Male germ cells produced in the testes are able to perform special DNA repair processes during meiosis that act to repair DNA damages and to maintain the integrity of the genomes that are to be passed on to progeny. Two of these DNA repair processes are homologous recombinational repair and non-homologous end joining.
Female reproductive system
The female reproductive system likewise contains two main divisions: the external genitalia (the vulva) and the internal genitalia.
The ovum meets with the sperm cell: a sperm may penetrate and merge with the egg, fertilizing it with the help of certain hydrolytic enzymes present in the acrosome. The fertilization usually occurs in the fallopian tubes, but can happen in the uterus itself. The zygote then becomes implanted in the lining of the uterus, where it begins the processes of embryogenesis and morphogenesis. When the fetus is developed enough to survive outside of the uterus, the cervix dilates and contractions of the uterus propel it through the birth canal, which is the vagina, and thereby gives external life to the newborn infant. This process is called childbirth.
The ova, which are the female sex cells, are much larger than the spermatozoon and are normally formed within the ovaries of the female fetus before birth. They are mostly fixed in location within the ovary until their transit to the uterus, and contain nutrients for the later zygote and embryo. Over a regular interval known as the menstrual cycle, in response to hormonal signals, a process of oogenesis matures one ovum which is released and sent down the fallopian tube. If not fertilized, this egg is flushed out of the system through menstruation.
Oocytes (female germ cells) located in the primordial follicle of the ovary are in a non-growing prophase arrested state, but are able to undergo highly efficient homologous recombinational repair of DNA damages including double-strand breaks. This capability allows the maintenance of genome integrity and protection of the health of offspring.
Process of fertilization
Human reproduction normally begins with copulation, though it may be achieved through artificial insemination, and is followed by nine months of pregnancy before childbirth. Pregnancy can be avoided with the use of contraceptives such as condoms and intrauterine devices.
Copulation
Human reproduction naturally takes place as internal fertilization by sexual intercourse. During this process, the man inserts his erect penis into the woman's vagina and then either partner initiates rhythmic pelvic thrusts until the man achieves orgasm, which leads to ejaculation of semen containing sperm into the vaginal canal. The sperm and the ovum are known as the gametes (each containing half the genetic information of the parent, created through meiosis). The sperm (being one of approximately 250 million sperm in a typical ejaculation) travels through the vagina and cervix into the uterus or fallopian tubes. Only 1 in 14 million of the ejaculated sperm will reach the fallopian tube. The egg simultaneously moves through the fallopian tube away from the ovary. One of the sperm encounters, penetrates and fertilizes the ovum, creating a zygote. Upon fertilization and implantation, gestation of the fetus then occurs within the uterus.

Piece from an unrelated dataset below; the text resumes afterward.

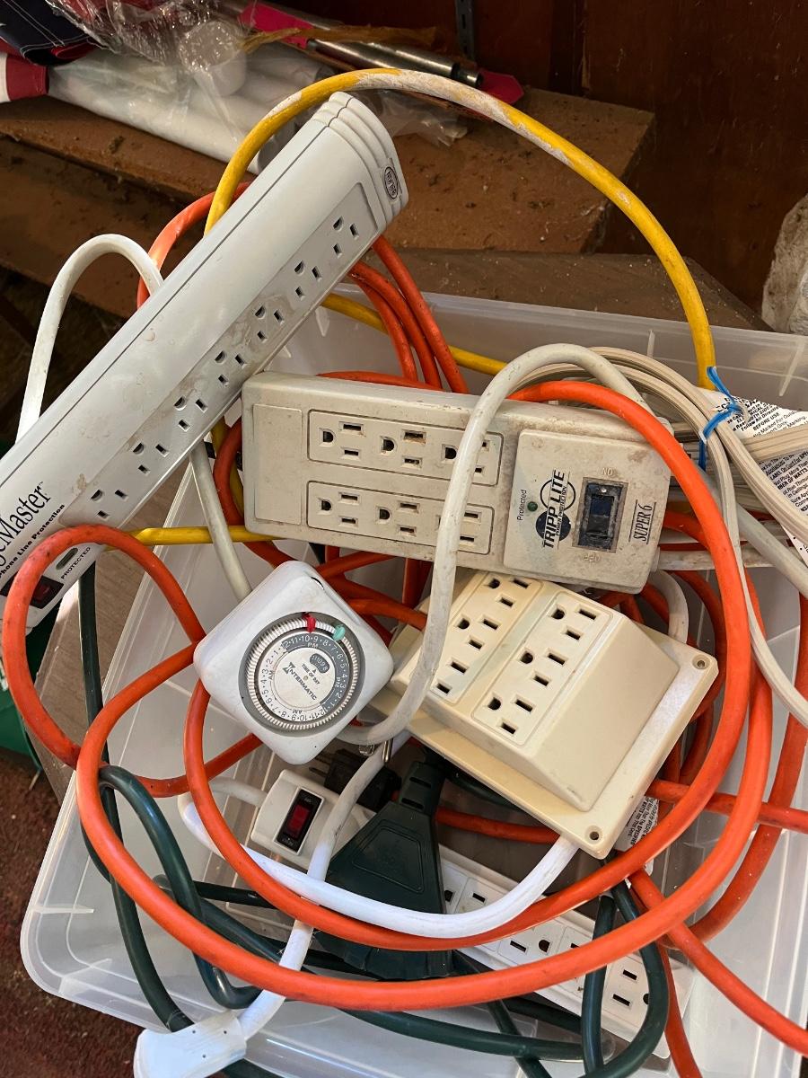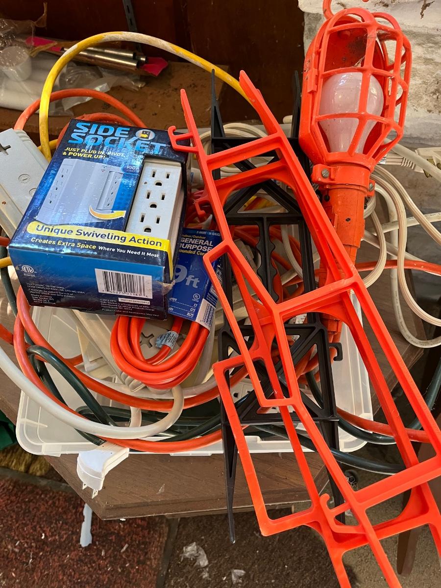 LOT 224P: Electrical Extension Cords, Power Strips, Shop Light

Pregnancy rates for sexual intercourse are highest during the menstrual cycle time from some 5 days before until 1 to 2 days after ovulation. For optimal pregnancy chance, there are recommendations of sexual intercourse every 1 or 2 days, or every 2 or 3 days. Studies have shown no significant difference between different sex positions and pregnancy rate, as long as it results in ejaculation into the vagina.
Alternative methods
As an alternative to natural sexual intercourse, there exists artificial insemination, where sperm is introduced into the female reproductive system without the insertion of the penis. There are also many methods of assisted reproductive technology, such as in vitro fertilization, where one or more egg cells are retrieved from a woman's ovaries and co-incubated with sperm outside the body. The resulting embryo can then be reinserted into the womb of the woman.
Pregnancy
Pregnancy is the period of time during which the fetus develops, dividing via mitosis inside the uterus. During this time, the fetus receives all of its nutrition and oxygenated blood from the mother, filtered through the placenta, which is attached to the fetus' abdomen via an umbilical cord. This drain of nutrients can be quite taxing on the mother, who is required to ingest slightly higher levels of calories. In addition, certain vitamins and other nutrients are required in greater quantities than normal, often creating abnormal eating habits. Gestation period is about 266 days in humans. While in the uterus, the baby first endures a very brief zygote stage, then the embryonic stage, which is marked by the development of major organs and lasts for approximately eight weeks, then the fetal stage, which revolves around the development of bone cells while the fetus continues to grow in size. It is estimated that about 3-5% of couples are infertile and the fecunditity of couples is around 30% for each menstrual cycle.
Labor and birth
Labor is separated into 4 stages. The first stage involves latent phase and active phase separated by the dilation of the cervix for 6 to 10 cm. The second stage is the pushing stage. The third stage involves the delivery of the placenta. And the last stage is the contraction of the uterus. Once the fetus is sufficiently developed, chemical signals begin the process of birth, which begins with the fetus being pushed out of the birthing canal. The newborn, which is called an infant in humans, should typically begin respiration on its own shortly after birth. Not long after, the placenta eventually falls off on its own. The person assisting the birth may also sever the umbilical cord.
Discovery of mechanism
While most ancient human societies believed that sexual intercourse was necessary for reproduction, the reasons some sex did not result in children, and the mechanism by which mating produced children were not understood. The theory of preformationism was popular in Ancient Greece and Christendom for centuries. Because they are too small to see with the naked eye, it was only after his invention of the microscope that Antonie van Leeuwenhoek discovered spermatozoa in 1677. Mitosis and meiosis were not discovered until the late 1800s.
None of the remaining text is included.